### Problem statement
Below are entries; copy exactly the lines from the one with "- **Convenient Power" through the one with "Railspirit Personalized Northern", both included, and leave out the rest.

### Exercise input
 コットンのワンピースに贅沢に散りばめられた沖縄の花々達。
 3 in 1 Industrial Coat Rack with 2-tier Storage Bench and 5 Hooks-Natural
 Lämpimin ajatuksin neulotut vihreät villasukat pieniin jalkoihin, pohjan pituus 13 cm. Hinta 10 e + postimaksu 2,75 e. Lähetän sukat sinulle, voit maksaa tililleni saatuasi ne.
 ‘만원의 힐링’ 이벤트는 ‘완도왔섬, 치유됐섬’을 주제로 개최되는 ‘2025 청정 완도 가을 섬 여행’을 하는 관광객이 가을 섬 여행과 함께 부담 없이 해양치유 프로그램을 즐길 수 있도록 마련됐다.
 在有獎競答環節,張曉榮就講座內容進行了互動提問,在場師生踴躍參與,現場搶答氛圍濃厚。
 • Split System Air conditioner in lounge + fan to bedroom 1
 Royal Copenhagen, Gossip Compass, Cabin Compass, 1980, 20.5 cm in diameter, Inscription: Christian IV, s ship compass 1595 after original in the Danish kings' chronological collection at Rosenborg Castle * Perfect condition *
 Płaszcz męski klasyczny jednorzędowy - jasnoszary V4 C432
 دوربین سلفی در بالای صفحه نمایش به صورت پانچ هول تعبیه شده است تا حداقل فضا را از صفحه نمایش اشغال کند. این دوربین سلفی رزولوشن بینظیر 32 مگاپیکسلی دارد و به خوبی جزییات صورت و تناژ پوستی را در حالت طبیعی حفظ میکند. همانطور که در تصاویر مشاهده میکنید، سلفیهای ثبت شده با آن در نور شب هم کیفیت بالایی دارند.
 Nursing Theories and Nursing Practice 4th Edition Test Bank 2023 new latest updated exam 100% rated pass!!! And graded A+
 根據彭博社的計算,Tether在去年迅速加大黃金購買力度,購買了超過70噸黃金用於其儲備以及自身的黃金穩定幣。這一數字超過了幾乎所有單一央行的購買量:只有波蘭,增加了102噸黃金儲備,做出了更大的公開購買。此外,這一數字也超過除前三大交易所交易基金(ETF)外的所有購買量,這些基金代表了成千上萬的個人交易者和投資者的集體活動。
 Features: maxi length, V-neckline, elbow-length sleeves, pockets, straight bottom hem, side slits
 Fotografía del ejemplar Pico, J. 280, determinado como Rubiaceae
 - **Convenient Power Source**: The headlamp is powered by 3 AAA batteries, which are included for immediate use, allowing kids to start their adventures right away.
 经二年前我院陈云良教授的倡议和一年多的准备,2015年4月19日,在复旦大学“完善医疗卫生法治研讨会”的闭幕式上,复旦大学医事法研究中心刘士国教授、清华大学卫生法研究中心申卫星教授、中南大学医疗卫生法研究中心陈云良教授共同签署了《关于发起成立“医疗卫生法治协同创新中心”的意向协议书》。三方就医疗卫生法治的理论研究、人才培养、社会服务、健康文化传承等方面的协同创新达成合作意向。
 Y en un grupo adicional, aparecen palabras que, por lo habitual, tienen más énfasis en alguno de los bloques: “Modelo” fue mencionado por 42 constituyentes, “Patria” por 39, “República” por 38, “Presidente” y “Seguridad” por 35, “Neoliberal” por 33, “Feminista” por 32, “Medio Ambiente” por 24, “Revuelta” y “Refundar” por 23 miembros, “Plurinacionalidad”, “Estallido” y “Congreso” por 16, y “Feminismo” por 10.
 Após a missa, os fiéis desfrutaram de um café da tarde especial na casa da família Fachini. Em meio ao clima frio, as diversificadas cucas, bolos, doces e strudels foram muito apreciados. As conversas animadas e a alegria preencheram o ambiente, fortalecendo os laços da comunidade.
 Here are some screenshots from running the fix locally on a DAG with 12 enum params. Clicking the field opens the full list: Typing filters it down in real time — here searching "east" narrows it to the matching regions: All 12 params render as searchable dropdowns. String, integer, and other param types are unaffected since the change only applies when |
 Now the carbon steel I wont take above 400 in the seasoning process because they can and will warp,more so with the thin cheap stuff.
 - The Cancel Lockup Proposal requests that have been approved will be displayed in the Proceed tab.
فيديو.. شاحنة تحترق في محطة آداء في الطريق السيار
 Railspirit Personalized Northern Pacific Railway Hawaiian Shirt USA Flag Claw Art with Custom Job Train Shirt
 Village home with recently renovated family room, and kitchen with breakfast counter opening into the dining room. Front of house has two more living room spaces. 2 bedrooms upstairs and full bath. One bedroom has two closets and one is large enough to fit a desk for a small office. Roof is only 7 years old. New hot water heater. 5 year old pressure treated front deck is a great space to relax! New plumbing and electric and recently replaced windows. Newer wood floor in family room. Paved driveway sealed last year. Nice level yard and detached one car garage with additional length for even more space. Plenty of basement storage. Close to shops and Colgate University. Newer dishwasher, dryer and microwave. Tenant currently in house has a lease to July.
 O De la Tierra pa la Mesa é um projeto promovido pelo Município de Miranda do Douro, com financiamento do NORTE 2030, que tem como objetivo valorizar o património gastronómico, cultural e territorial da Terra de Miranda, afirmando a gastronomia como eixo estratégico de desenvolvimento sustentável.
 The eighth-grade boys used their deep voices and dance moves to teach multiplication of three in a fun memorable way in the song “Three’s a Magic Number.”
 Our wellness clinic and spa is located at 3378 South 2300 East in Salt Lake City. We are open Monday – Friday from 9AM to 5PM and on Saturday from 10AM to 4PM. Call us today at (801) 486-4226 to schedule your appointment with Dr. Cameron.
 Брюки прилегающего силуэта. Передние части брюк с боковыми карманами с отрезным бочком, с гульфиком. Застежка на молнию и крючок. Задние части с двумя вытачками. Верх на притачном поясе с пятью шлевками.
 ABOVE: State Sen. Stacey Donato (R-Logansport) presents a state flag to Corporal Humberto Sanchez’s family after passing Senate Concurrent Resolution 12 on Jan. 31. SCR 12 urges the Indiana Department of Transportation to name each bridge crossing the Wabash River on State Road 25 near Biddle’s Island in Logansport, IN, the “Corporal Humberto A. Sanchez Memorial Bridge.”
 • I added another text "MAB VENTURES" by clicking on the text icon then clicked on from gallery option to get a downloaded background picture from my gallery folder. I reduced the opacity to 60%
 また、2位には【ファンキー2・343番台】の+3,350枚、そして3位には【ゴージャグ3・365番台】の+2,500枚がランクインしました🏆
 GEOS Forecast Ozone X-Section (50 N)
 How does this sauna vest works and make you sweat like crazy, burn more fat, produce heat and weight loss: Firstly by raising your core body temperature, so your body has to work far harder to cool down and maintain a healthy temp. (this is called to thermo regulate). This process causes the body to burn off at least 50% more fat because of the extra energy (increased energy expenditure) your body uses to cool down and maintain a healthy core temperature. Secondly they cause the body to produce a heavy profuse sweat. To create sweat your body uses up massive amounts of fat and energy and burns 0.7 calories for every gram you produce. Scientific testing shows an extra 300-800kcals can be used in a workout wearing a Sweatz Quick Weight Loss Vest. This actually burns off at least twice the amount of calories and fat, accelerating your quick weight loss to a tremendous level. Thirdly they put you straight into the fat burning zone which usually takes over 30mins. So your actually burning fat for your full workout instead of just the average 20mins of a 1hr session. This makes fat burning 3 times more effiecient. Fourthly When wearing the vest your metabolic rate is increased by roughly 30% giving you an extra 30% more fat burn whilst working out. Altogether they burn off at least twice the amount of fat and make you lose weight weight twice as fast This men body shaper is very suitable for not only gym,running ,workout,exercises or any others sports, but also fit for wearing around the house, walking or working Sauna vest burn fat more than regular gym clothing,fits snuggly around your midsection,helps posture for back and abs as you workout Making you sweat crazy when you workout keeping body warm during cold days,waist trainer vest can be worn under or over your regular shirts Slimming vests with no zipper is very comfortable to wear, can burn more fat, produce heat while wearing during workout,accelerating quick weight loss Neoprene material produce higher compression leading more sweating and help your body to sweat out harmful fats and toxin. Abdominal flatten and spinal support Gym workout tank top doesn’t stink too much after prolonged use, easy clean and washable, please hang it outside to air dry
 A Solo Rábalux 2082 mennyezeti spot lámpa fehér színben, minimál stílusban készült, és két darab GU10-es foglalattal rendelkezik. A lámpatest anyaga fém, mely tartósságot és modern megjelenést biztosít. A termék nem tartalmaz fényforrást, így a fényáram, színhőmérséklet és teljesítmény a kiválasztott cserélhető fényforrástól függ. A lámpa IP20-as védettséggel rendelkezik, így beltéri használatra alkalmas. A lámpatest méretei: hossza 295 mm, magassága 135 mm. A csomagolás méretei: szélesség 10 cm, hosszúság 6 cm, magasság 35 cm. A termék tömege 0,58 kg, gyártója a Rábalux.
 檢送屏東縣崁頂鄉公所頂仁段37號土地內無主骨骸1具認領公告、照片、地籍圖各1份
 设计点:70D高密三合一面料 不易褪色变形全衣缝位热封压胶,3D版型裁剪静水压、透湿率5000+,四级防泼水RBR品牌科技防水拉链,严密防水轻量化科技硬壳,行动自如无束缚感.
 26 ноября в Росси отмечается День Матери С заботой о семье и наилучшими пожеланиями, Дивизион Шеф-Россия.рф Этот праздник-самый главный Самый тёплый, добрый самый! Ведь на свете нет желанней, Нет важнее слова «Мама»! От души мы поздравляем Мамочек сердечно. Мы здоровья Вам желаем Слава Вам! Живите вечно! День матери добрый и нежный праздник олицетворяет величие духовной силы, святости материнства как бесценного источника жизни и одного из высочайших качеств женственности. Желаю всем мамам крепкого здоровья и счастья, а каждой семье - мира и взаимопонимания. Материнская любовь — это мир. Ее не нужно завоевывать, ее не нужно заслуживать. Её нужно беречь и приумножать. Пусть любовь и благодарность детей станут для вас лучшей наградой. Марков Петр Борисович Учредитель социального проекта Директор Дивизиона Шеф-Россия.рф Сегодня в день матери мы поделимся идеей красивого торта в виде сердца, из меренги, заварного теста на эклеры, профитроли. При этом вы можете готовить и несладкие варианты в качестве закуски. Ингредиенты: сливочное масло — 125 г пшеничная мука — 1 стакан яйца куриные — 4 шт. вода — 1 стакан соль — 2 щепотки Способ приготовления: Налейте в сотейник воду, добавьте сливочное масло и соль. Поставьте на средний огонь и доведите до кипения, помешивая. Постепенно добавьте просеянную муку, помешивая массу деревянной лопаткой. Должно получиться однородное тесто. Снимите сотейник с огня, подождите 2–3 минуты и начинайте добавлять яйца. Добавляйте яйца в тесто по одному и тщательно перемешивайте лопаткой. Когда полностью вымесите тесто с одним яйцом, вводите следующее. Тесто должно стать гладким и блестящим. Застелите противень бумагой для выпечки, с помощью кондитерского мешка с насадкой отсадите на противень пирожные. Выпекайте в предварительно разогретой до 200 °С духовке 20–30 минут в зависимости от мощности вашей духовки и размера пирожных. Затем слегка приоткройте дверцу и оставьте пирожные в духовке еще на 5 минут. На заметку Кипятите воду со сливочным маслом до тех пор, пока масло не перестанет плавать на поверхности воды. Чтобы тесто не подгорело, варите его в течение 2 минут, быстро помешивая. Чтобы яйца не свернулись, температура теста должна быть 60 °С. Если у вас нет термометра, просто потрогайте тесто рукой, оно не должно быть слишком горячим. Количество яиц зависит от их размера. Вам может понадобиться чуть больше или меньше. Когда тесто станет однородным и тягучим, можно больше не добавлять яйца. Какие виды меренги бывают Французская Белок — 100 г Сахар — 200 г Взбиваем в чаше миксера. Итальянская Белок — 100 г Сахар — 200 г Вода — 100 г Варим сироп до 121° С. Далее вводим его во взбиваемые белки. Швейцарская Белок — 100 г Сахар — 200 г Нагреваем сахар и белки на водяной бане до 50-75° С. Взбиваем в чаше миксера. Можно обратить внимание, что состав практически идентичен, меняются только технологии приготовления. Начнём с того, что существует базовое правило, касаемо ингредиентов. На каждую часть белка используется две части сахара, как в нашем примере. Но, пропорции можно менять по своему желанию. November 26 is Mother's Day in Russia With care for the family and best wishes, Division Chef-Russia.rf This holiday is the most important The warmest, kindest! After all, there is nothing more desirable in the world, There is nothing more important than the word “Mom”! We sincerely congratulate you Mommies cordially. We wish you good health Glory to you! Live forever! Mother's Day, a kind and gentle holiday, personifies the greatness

### Solution for this task
 - **Convenient Power Source**: The headlamp is powered by 3 AAA batteries, which are included for immediate use, allowing kids to start their adventures right away.
 经二年前我院陈云良教授的倡议和一年多的准备,2015年4月19日,在复旦大学“完善医疗卫生法治研讨会”的闭幕式上,复旦大学医事法研究中心刘士国教授、清华大学卫生法研究中心申卫星教授、中南大学医疗卫生法研究中心陈云良教授共同签署了《关于发起成立“医疗卫生法治协同创新中心”的意向协议书》。三方就医疗卫生法治的理论研究、人才培养、社会服务、健康文化传承等方面的协同创新达成合作意向。
 Y en un grupo adicional, aparecen palabras que, por lo habitual, tienen más énfasis en alguno de los bloques: “Modelo” fue mencionado por 42 constituyentes, “Patria” por 39, “República” por 38, “Presidente” y “Seguridad” por 35, “Neoliberal” por 33, “Feminista” por 32, “Medio Ambiente” por 24, “Revuelta” y “Refundar” por 23 miembros, “Plurinacionalidad”, “Estallido” y “Congreso” por 16, y “Feminismo” por 10.
 Após a missa, os fiéis desfrutaram de um café da tarde especial na casa da família Fachini. Em meio ao clima frio, as diversificadas cucas, bolos, doces e strudels foram muito apreciados. As conversas animadas e a alegria preencheram o ambiente, fortalecendo os laços da comunidade.
 Here are some screenshots from running the fix locally on a DAG with 12 enum params. Clicking the field opens the full list: Typing filters it down in real time — here searching "east" narrows it to the matching regions: All 12 params render as searchable dropdowns. String, integer, and other param types are unaffected since the change only applies when |
 Now the carbon steel I wont take above 400 in the seasoning process because they can and will warp,more so with the thin cheap stuff.
 - The Cancel Lockup Proposal requests that have been approved will be displayed in the Proceed tab.
فيديو.. شاحنة تحترق في محطة آداء في الطريق السيار
 Railspirit Personalized Northern Pacific Railway Hawaiian Shirt USA Flag Claw Art with Custom Job Train Shirt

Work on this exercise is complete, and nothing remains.